**TASK TO CARRY OUT**
Would you return the lines between the one holding "- Intricate all-over" and the one holding "Un magnifique corsage", inclusive, and only those, exactly as they stand in the listing below?
= Beginning of Section =
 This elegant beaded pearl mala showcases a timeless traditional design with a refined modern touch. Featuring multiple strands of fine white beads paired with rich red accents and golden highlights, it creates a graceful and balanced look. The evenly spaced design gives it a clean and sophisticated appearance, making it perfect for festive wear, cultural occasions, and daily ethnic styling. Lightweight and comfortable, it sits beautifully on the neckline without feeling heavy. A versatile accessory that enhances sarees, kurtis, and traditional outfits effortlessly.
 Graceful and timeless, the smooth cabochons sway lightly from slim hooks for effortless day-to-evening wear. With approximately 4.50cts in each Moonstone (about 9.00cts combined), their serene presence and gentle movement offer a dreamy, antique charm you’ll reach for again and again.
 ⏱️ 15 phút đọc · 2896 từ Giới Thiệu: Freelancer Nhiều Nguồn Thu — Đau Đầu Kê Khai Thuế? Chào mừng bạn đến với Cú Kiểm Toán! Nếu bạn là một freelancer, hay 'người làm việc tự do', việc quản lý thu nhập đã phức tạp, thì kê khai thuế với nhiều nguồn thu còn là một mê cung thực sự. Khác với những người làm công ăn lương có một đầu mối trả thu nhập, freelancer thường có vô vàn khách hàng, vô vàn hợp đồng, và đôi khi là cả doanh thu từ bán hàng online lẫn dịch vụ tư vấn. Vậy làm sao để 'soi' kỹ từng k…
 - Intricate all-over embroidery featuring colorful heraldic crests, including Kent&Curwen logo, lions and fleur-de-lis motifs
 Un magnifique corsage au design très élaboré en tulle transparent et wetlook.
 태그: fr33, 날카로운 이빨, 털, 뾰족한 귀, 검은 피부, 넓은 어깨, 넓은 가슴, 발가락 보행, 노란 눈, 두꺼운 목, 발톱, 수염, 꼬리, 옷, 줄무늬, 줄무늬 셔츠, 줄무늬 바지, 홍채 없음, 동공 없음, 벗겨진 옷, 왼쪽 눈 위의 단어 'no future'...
= End of Section =
**OUTPUT**
 - Intricate all-over embroidery featuring colorful heraldic crests, including Kent&Curwen logo, lions and fleur-de-lis motifs
 Un magnifique corsage au design très élaboré en tulle transparent et wetlook.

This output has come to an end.